Test whether US uploads more videos
Company: LinkedIn
Role: Data Scientist
Category: Analytics & Experimentation
Difficulty: easy
Interview Round: Technical Screen
You want to evaluate the hypothesis:
> “US members upload more videos than non‑US members.”
You have:
### Table: `video_posts`
| column | type |
|---|---|
| post_date | DATE |
| memberid | BIGINT |
| video_length | INT |
### Table: `members`
| column | type |
|---|---|
| memberid | BIGINT |
| country | STRING |
| join_date | DATE |
Assume you are analyzing a fixed window (e.g., **2018-12-01 to 2018-12-31**, inclusive), but your approach should generalize.

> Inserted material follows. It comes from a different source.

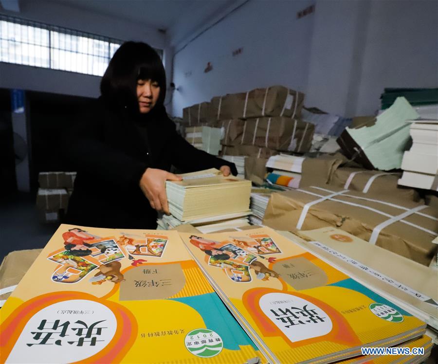 A staff member arranges the new textbooks to be sent to schools for the upcoming new semester at Zunhua Branch of Xinhua Bookstore in Tangshan, north China's Hebei Province, Feb. 12, 2019. Chinese students will start a new semester after the winter vacation in late February. (Xinhua/Liu Mancang)

**Task:** Propose a rigorous analysis plan to answer the question.
Your plan must include:
1. **Metric definitions** (at least one primary metric and at least two diagnostics/guardrails). For example, decide whether to compare:
- total uploads,
- uploads per member,
- uploads per active member,
- uploads per member-day (exposure-adjusted), etc.
2. How you will handle key confounders such as:
- different numbers of members in each group,
- different member tenure (new vs old accounts),
- different activity levels and seasonality.
3. A statistical approach to quantify uncertainty (e.g., confidence intervals, hypothesis tests, regression model), and when you would prefer each.
4. At least one **failure mode** (e.g., Simpson’s paradox from tenure differences) and how you’d detect it.
You may include example SQL/Python pseudocode to compute the metrics, but the focus is on correct experimental/observational analysis design and interpretation.
Quick Answer: This question evaluates a data scientist's competency in observational analytics, metric definition, confounder identification and control, and statistical inference for comparing user-generated content across populations.